A Gap Analysis of Mother, New-born, and Child Health in West Africa with Reference to the Sustainable Development Goals 2030

Vesna Bjegovic-Mikanovic, Raphael Broniatowski, Stephen Byepu, Ulrich Laaser

Abstract

The Economic Community of West African States (ECOWAS) comprises 15-member states with an estimated population of 350 million. This account relates the present status of maternal, neonatal, and under-five-mortality to the Sustainable Development Goals (SDG) targets set for 2030. For each SDG indicator, progress observed was compared with that needed to meet the target (assuming linear progression). The time gap was calculated as the difference between the time remaining to the target year (2030) and the estimated time needed to achieve the target. The highest maternal mortality ratio is found in Sierra Leone (1360 in 2015), followed by Nigeria (814) and Liberia (725).
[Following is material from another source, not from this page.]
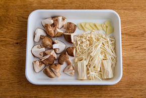 しいたけは十字に切り、えのきは3等分の長さに切ります。にんにくは薄切りにします。
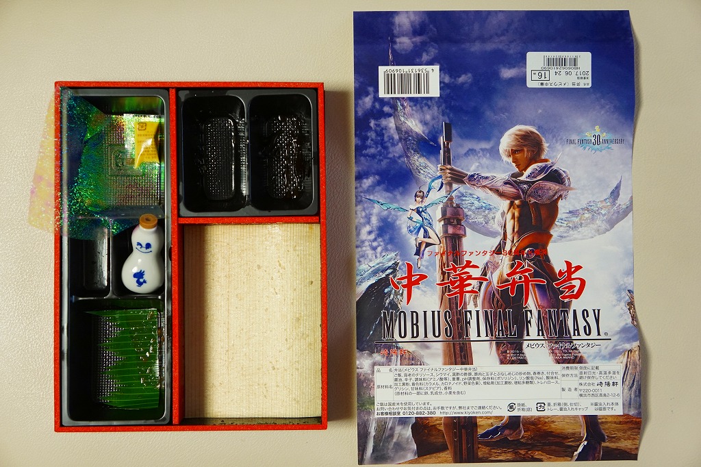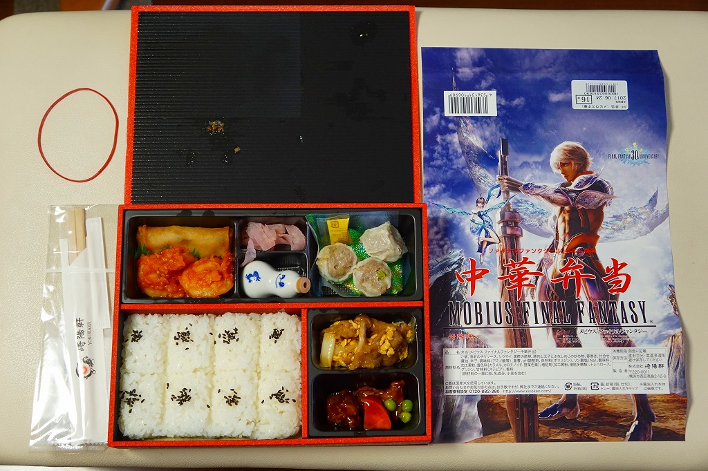 容器と中身と価格は、横浜駅弁「横浜中華弁当」とほぼ同じ。いくつかの具を抜き、シウマイを1個増の3個にして、ゲームキャラクター柄の磁器の醤油入れ「ひょうちゃん」を入れたもの。味もやはり、横浜中華弁当と同じ。選べる掛紙が「ブレイブエクスヴィアス」とこの「メビウス」の2種類、選べないひょうちゃんが「チョコボ」とこの「モーグリ」の2種類。

Whereas Sierra Leone and Nigeria keep high positions also for the neonatal and under-five mortality rate, Liberia ranks clearly better than the ECOWAS average. Globally skilled health professionals‘ density is 25 per 10,000 population and in Nigeria close to it with 20.1 whereas Guinea takes the last position with 1.4. The gap analysis shows that ECOWAS countries have a realistic chance to likely reach the SDG targets in 2030 with a delay of less than 4 years regarding maternal, neonatal, and under-five-mortality although their skilled health professionals‘ density is considerably lower than for the entire African region. (Afr J Reprod Health 2018; 22[4]: 123-134).